• DATA SHOWN:
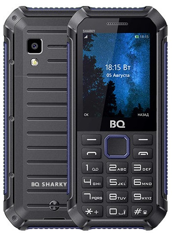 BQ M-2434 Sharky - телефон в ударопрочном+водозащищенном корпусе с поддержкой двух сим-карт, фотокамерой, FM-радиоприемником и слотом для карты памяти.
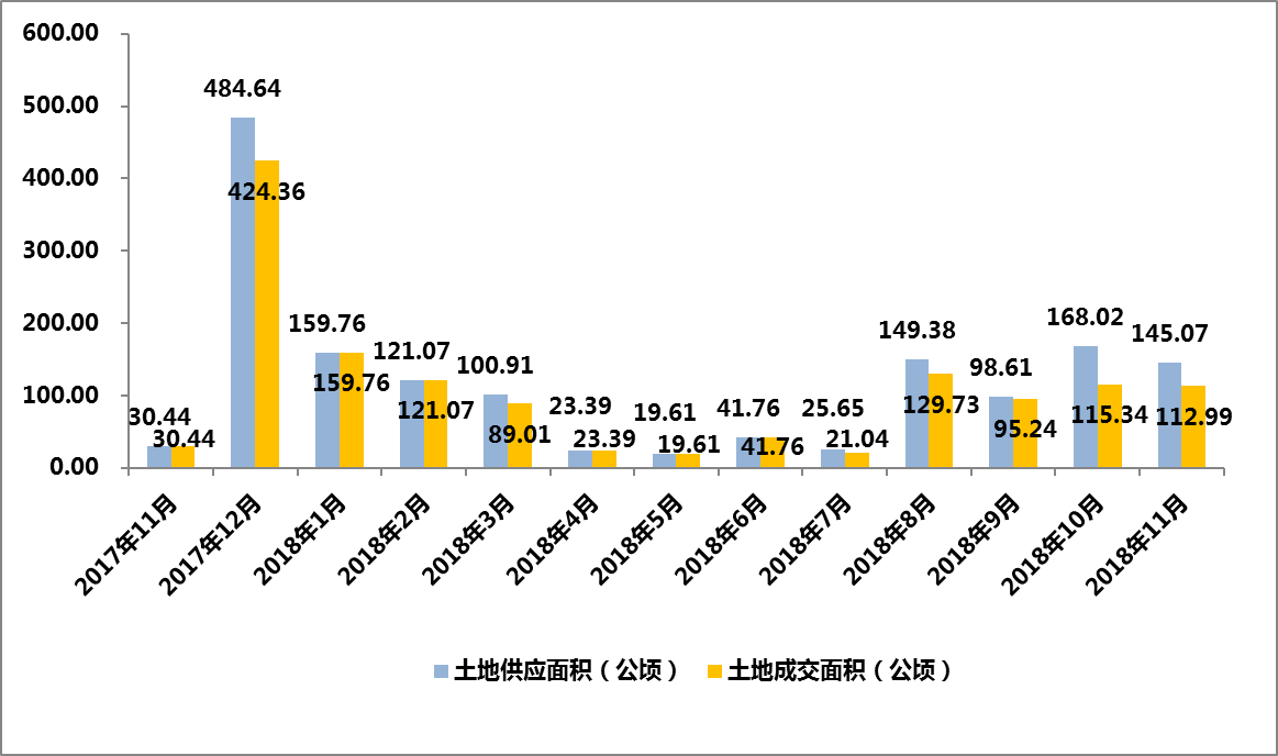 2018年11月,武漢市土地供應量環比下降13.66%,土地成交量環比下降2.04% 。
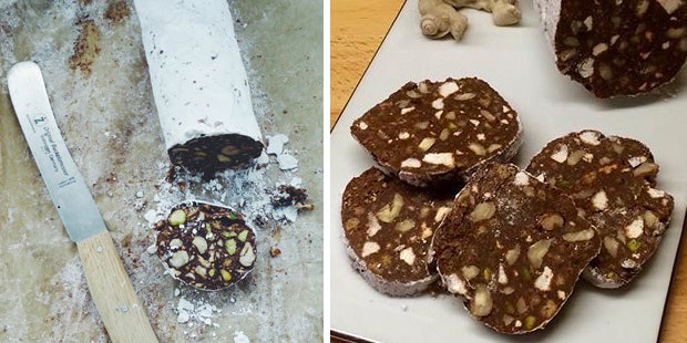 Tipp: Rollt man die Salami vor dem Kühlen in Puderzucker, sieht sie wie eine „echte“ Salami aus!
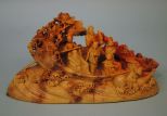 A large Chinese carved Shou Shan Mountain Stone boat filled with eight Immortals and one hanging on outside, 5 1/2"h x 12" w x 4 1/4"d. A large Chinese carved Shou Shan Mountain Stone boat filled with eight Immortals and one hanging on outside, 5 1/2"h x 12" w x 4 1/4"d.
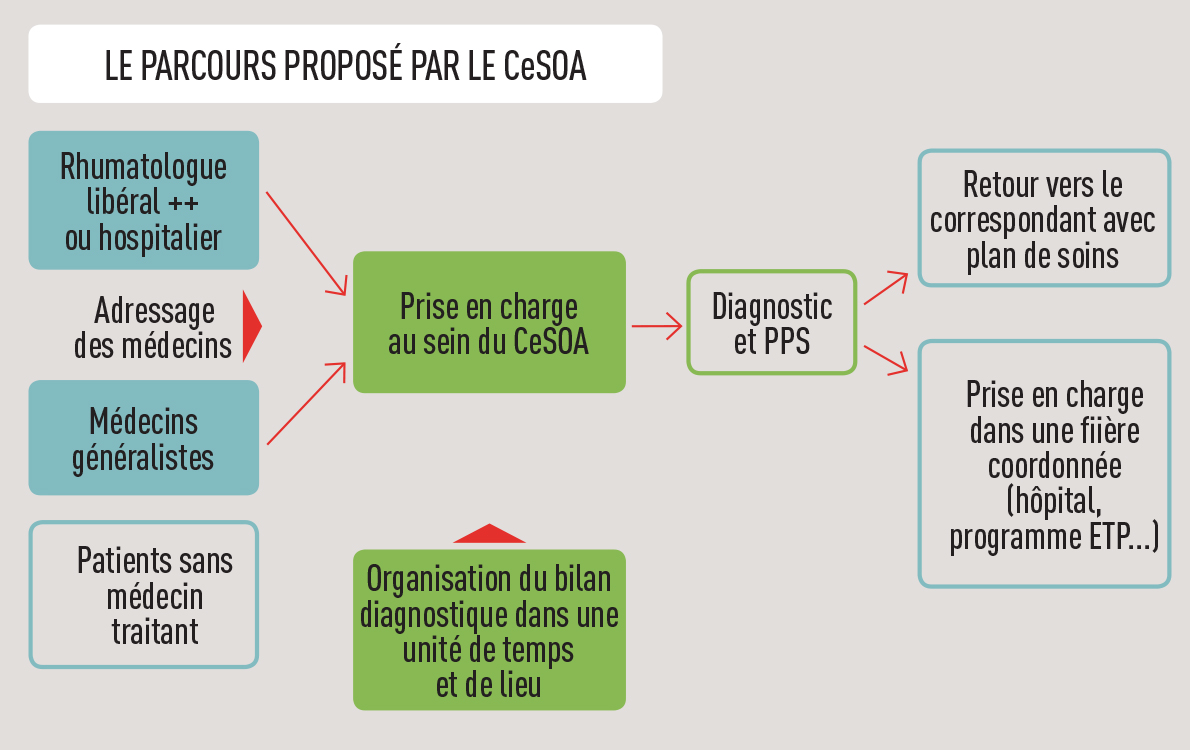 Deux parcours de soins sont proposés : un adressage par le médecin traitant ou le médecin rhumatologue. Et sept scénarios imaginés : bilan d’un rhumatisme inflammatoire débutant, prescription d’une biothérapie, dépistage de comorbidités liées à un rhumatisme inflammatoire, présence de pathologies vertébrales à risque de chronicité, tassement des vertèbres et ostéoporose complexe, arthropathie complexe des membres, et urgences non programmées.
* * *
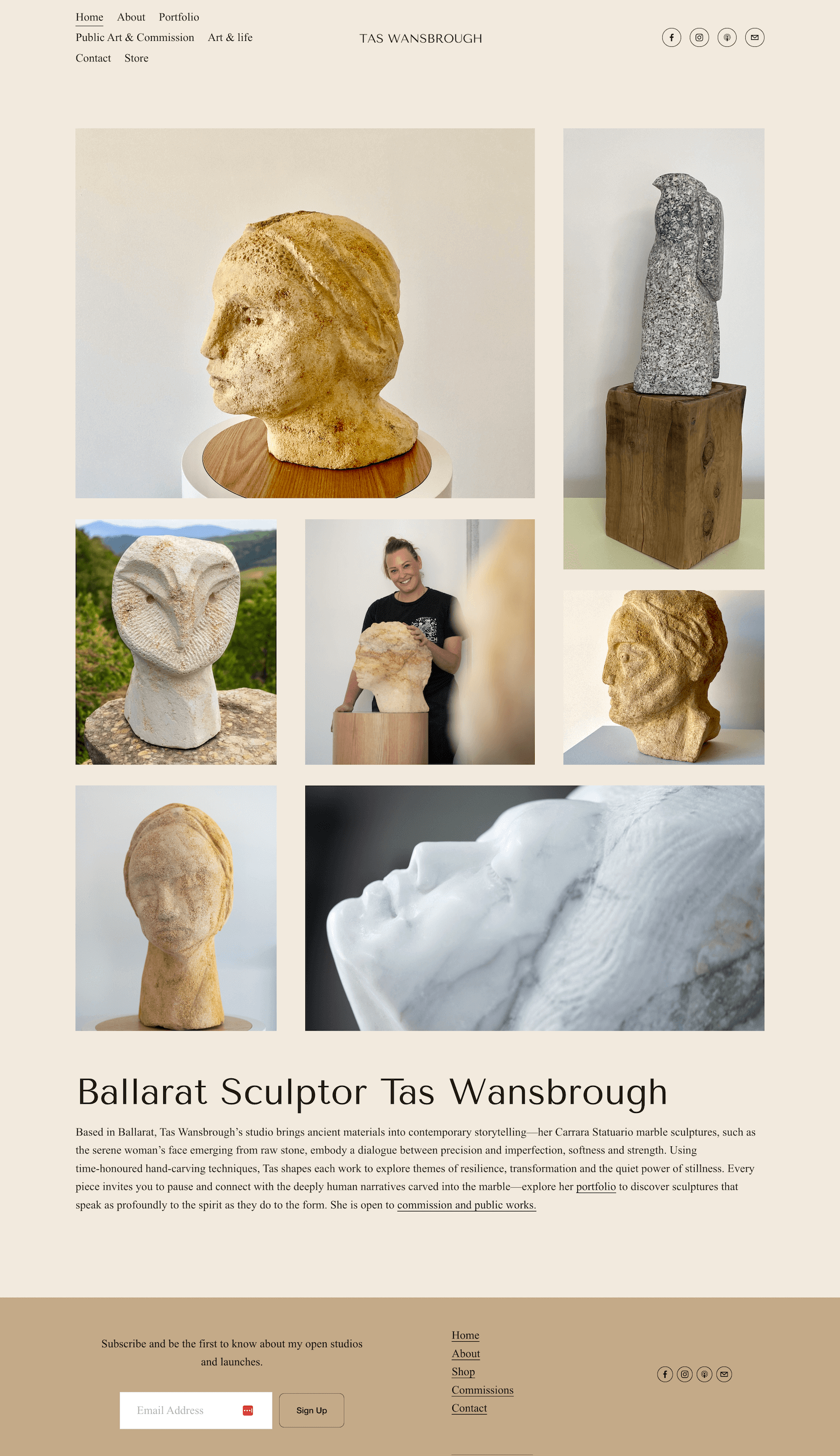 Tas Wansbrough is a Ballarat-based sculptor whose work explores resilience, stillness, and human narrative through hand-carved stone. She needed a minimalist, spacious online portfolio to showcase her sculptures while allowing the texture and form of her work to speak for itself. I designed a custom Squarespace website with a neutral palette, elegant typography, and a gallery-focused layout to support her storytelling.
==
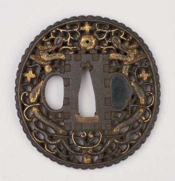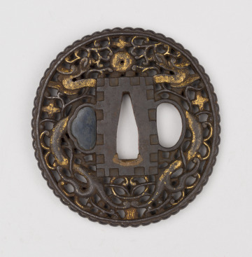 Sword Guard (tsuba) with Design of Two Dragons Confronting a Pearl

• TASK INSTRUCTIONS: Within the listing above, write out the stretch from the line with "BQ M-2434 Sharky" through the line with "Deux parcours de" exactly. Any pictures are to be left out.

• RESPONSE FOR THIS EXERCISE:
 BQ M-2434 Sharky - телефон в ударопрочном+водозащищенном корпусе с поддержкой двух сим-карт, фотокамерой, FM-радиоприемником и слотом для карты памяти.
 2018年11月,武漢市土地供應量環比下降13.66%,土地成交量環比下降2.04% 。
 Tipp: Rollt man die Salami vor dem Kühlen in Puderzucker, sieht sie wie eine „echte“ Salami aus!
 A large Chinese carved Shou Shan Mountain Stone boat filled with eight Immortals and one hanging on outside, 5 1/2"h x 12" w x 4 1/4"d. A large Chinese carved Shou Shan Mountain Stone boat filled with eight Immortals and one hanging on outside, 5 1/2"h x 12" w x 4 1/4"d.
 Deux parcours de soins sont proposés : un adressage par le médecin traitant ou le médecin rhumatologue. Et sept scénarios imaginés : bilan d’un rhumatisme inflammatoire débutant, prescription d’une biothérapie, dépistage de comorbidités liées à un rhumatisme inflammatoire, présence de pathologies vertébrales à risque de chronicité, tassement des vertèbres et ostéoporose complexe, arthropathie complexe des membres, et urgences non programmées.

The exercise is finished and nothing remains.